Drug Dealing North Korean Diplomats
According to the Asahi Shimbun the US will now actively stop North Korean counterfeit money and drug smuggling operations.
The Bush administration intends to squeeze North Korea on drug trafficking and counterfeit money operations, activities that are suspected of funding Pyongyang’s missile and nuclear ambitions and which often involve the reclusive state’s diplomats, says a high-ranking U.S. official.
The initiative, which is aimed at forcing North Korea to abandon its nuclear activities, will be on the agenda in coming days as U.S. Secretary of State Condoleezza Rice meets with top officials in Japan, China and South Korea, the official told The Asahi Shimbun.
Rice, who arrived in Tokyo Friday for a two-day visit, will ask the leaders of those countries for support in smashing North Korea’s illicit money-making ventures.

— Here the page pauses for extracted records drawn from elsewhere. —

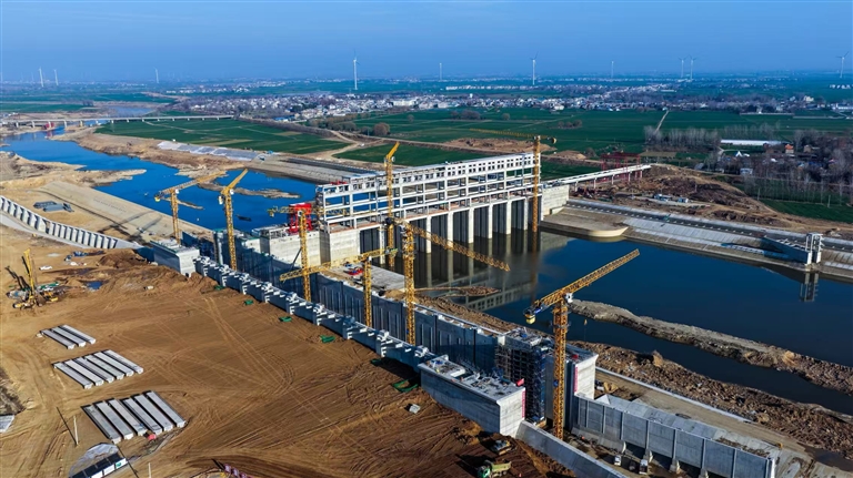 冬日里的唐河,水波粼粼,两岸沃野铺绿。复航主体工程之一的郭滩枢纽,已巍然屹立在河道之上,船闸静立、机械低鸣。一名身着工装的管理人员,正沿着河道仔细巡查设备调试情况。
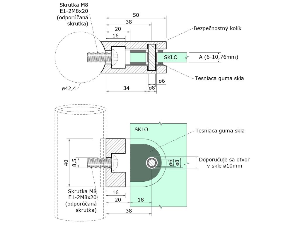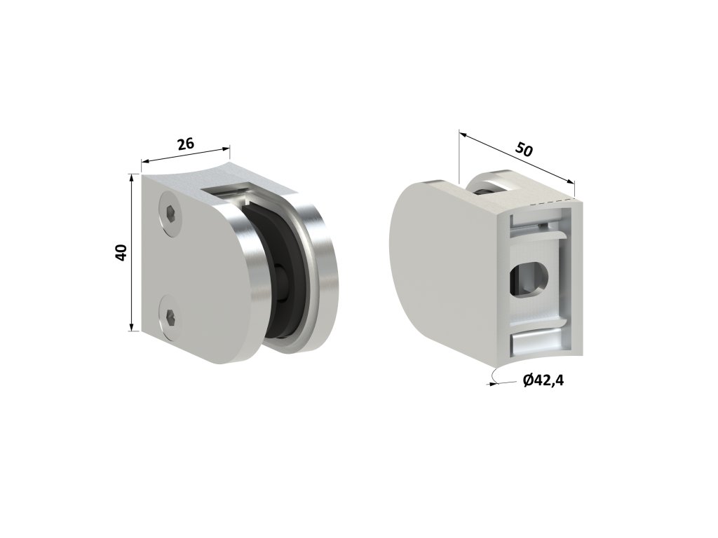 Svorka skla na trubku ø 42,4 mm (50x40x26 mm), broušená nerez K320 / AISI304, balení neobsahuje gumičky na skloDoplňkové parametry
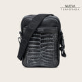 Bandolera para caballero en piel genuina de fuscus y piel de bovino. Presenta contraste de texturas, aplicación metálica del logotipo Cuadra y acabado platinado. Con dos compartimentos asegurados con cierre, el de mayor tamaño cuenta con dos bolsillos internos. Con asa de textil ajustable.
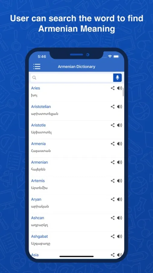 4- In our Armenian dictionary and translator app, users can search over 140000+ words to convert English to Armenian and Armenian to English.
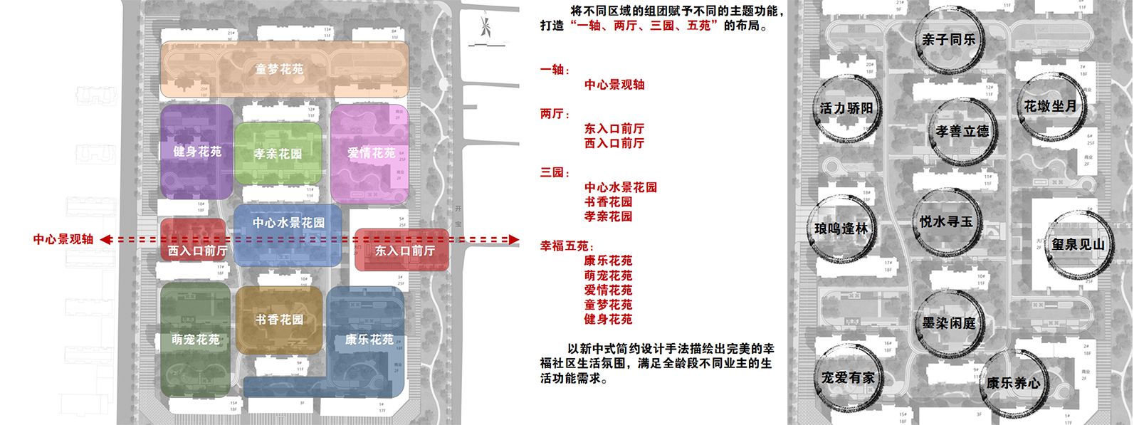 》》》》一軸:提煉東西兩大入口,結(jié)合中心花園,將其形成一條主軸線,將禮儀與尊貴通過軸線展現(xiàn)出來(lái),一軸定鼎璽瑯恢宏氣度,東方府境,園林與人文纏綿交織,山與水二物,人于園擷趣,或風(fēng)或雅,賞心悅事,以此表現(xiàn)出璽瑯府的寓意和尊貴。
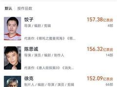 中國(guó)新聞網(wǎng)就在2月15日0時(shí)許,《哪吒之魔童鬧?!返膶?dǎo)演餃子超越陳思誠(chéng),登頂中國(guó)導(dǎo)演票房榜榜首。 中國(guó)導(dǎo)演票房榜榜單(圖源:燈塔專業(yè)版)據(jù)燈塔專業(yè)版最新數(shù)據(jù),截至2月15日0時(shí)許,導(dǎo)演餃子已憑借《哪吒》系列兩部電影《哪吒之魔童降世》《哪吒之魔童鬧海》拿下157.38億元票房成績(jī),超過陳思誠(chéng),成為中國(guó)導(dǎo)演票房榜第一名。隨后依次是陳思誠(chéng)、徐克。 值得一提的是,在該榜單當(dāng)中,大多數(shù)導(dǎo)演都是憑借兩位數(shù)的作品登上榜單

Drug smugglers and counterfeiters are usually low life criminals while in North Korea they tend to be the priviledged regime higher ups that are making a load of money selling drugs:
How much Pyongyang is actually earning from drug trafficking, counterfeit dollars and other illegal activities is not known, say U.S. officials.

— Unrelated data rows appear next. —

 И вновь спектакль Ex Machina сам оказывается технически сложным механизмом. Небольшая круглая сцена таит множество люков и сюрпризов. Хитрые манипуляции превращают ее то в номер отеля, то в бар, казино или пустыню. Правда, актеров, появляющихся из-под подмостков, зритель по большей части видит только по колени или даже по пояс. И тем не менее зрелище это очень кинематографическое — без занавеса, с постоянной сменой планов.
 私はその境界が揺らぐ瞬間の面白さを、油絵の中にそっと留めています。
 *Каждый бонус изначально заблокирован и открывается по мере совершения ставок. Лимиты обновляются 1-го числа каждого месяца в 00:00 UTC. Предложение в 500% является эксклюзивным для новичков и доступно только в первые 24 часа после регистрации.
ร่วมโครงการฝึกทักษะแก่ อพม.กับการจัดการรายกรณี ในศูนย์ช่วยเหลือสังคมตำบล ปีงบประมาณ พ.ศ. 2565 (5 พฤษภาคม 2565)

But according to Robert Charles, assistant secretary of state for narcotics control, it could constitute the gap between the North’s annual exports worth $600 million and more than $1 billion in foreign currency revenue.

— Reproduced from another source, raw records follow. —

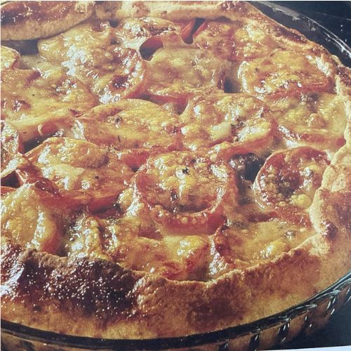 Sausage and Tomato Quiche, with onion, red pepper and smoked cheese, in a shredded potato crust
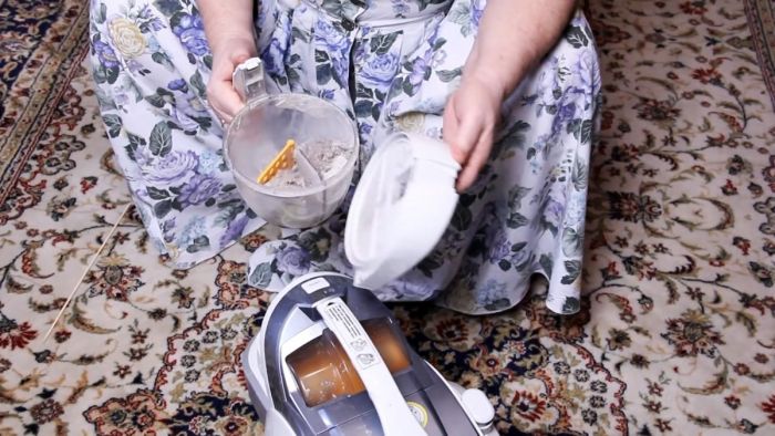 После очистки можете заглянуть в контейнер пылесоса, вы будете удивлены тому количеству грязи, которое удалось достать с глубин ковра.
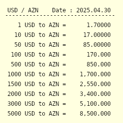 How Much Is 100 Dollars Usd To Azn According To The Foreign Exchange Rate For Today
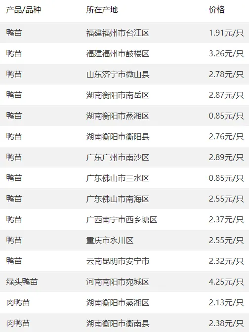 全国部分地区鸭苗价格参考
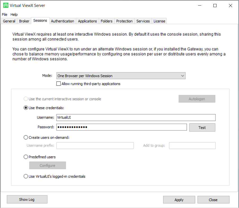 This tab indicates whether the Virtual ViewX session uses the default console session, or runs under an alternative Windows account. When Virtual ViewX is installed on a Windows Server Operating System, a user in the Remote Desktop group will be created and added here during the installation process. If the Virtual ViewX server is to provide access to Geo SCADA Expert from multiple client accounts, use one of the following configurations:
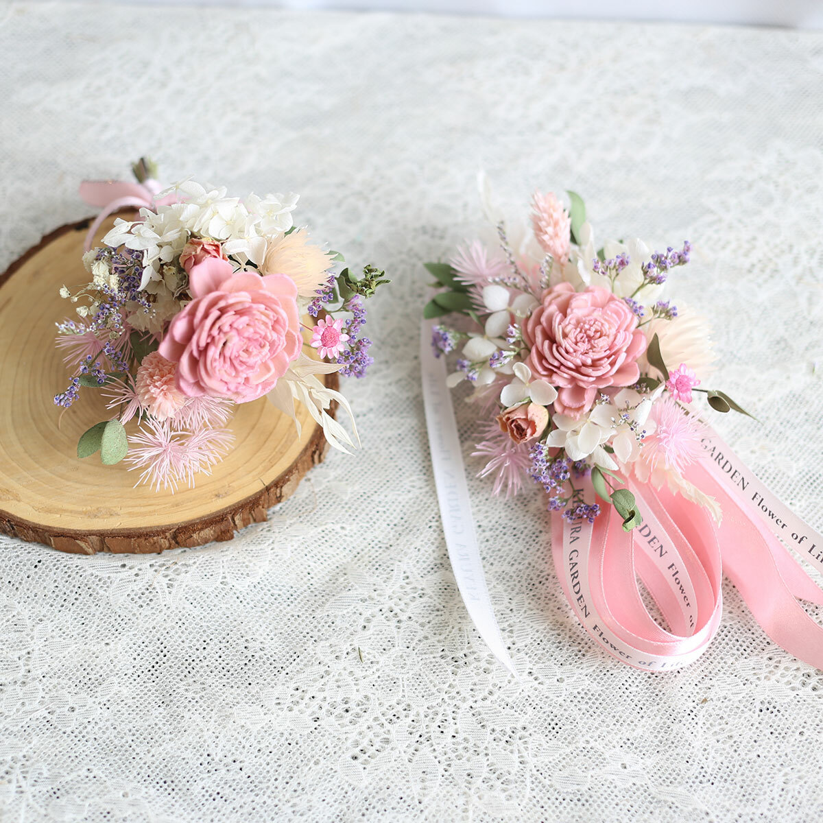 由永生花繡球.索拉玫瑰搭配乾燥花製作
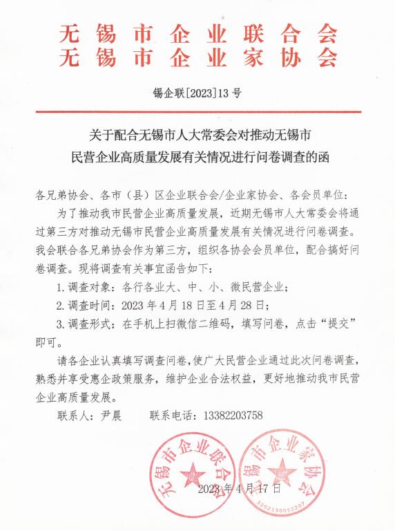 配合市人大對推動無錫市民營企業(yè)高質(zhì)量發(fā)展情況進行問卷調(diào)查的函
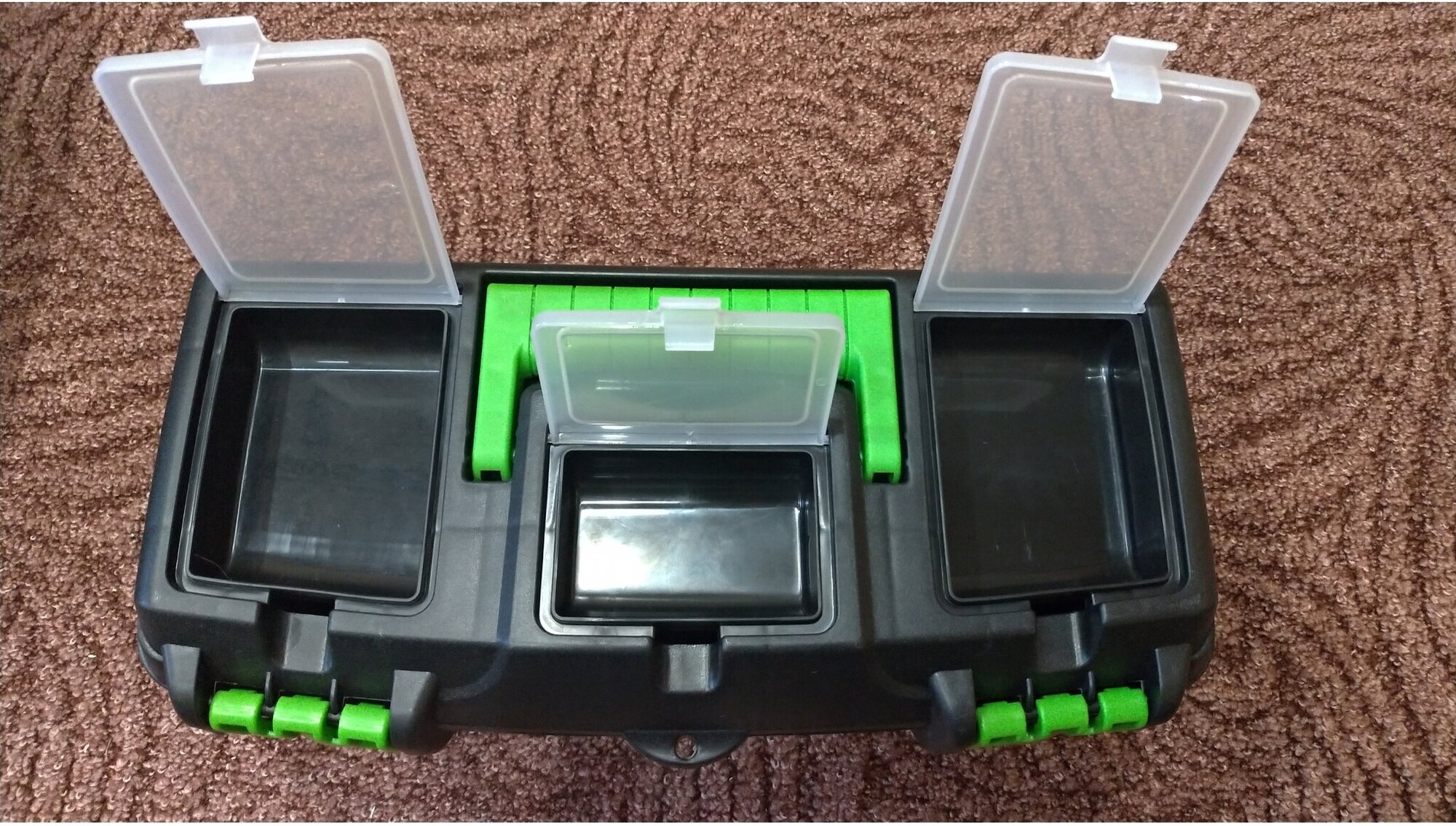 Купил такой ящик более года назад. Ящик неплохой, однозначно своих денег он стоит. на верхней крышке имеются три отсека для хранения мелочи в виде гвоздиков , болтиков, шурупчиков и т.д. Основной отсек очень вместительный, можно положить уже более крупный ручной инструмент в виде болгарки, молотка, плоскогубцев и т.д. Поверх него устанавливается лоток вкладыш. Здесь также может хранится какая-то мелочь, но за счет того, что отдельных закрывающихся отсеков нет нужно быть готовым к тому, что все может перемешаться. Лучше хранить в какой-либо таре. Выдерживает неплохую нагрузку. Внутри обычно переносится порядка 10 кг, ручка не оторвалась пока, замки хорошие, ни разу не подвели и не открылись. Можно смело брать
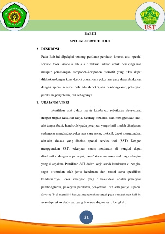 alat-alat khusus yang disebut special service tool (SST). Dengan
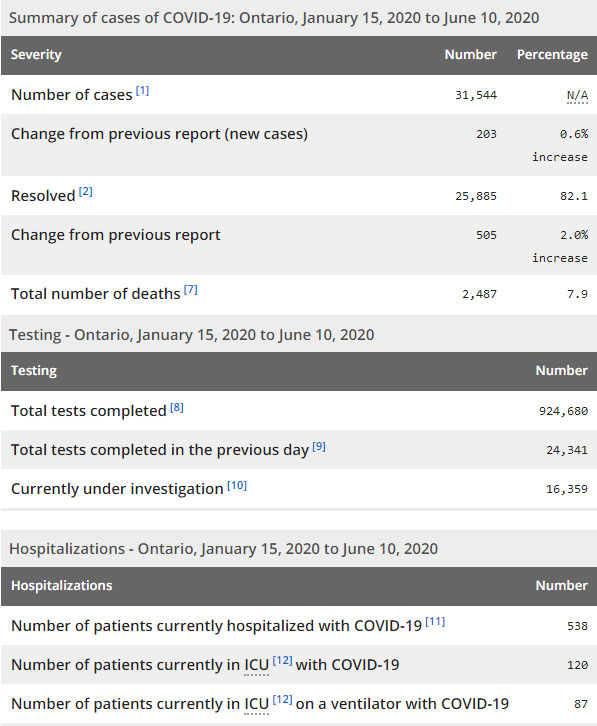 再看看安省方面的详细数据,截止6月10日上午10:30点,安省已对924680行了新冠病毒检测(检测数较昨天新增24341例),还有16359处于被调查阶段。确诊总数31544(较昨天新增203,确诊率下降至0.8%),包括25885例康复(康复率为82.1%)、2487例死亡(截止6月11日死亡又增加到2543例,这是CBC统计的最新死亡数据,死亡人数较昨天增加8例,首日低于10例,死亡率仍为8.1%)。住院患者538例(减少42例,连续2日少于600以下);进入ICU患者120例(增加2);IU插呼吸机患者87例(增加1)。

He added that North Korean diplomats and agents have been involved in most of the 50-plus drug trafficking cases exposed in 20 countries over the past three decades.
In April 2003, Australia seized more than 100 kilograms of heroin from a North Korean freighter. Among those on board was a senior official of the ruling Worker’s Party.
In June last year, two diplomats with the North Korean Embassy in Cairo were caught trying to smuggle 150,000 tranquilizer tablets. By putting the squeeze on such illegal fund sources, Washington hopes to encourage Pyongyang to rejoin the six-nation framework.
I can’t help but have this picture in my mind of North Korean diplomats peddling drugs in the hallways of the UN. I have wondered at times what those suits at the UN were smoking. Now I know.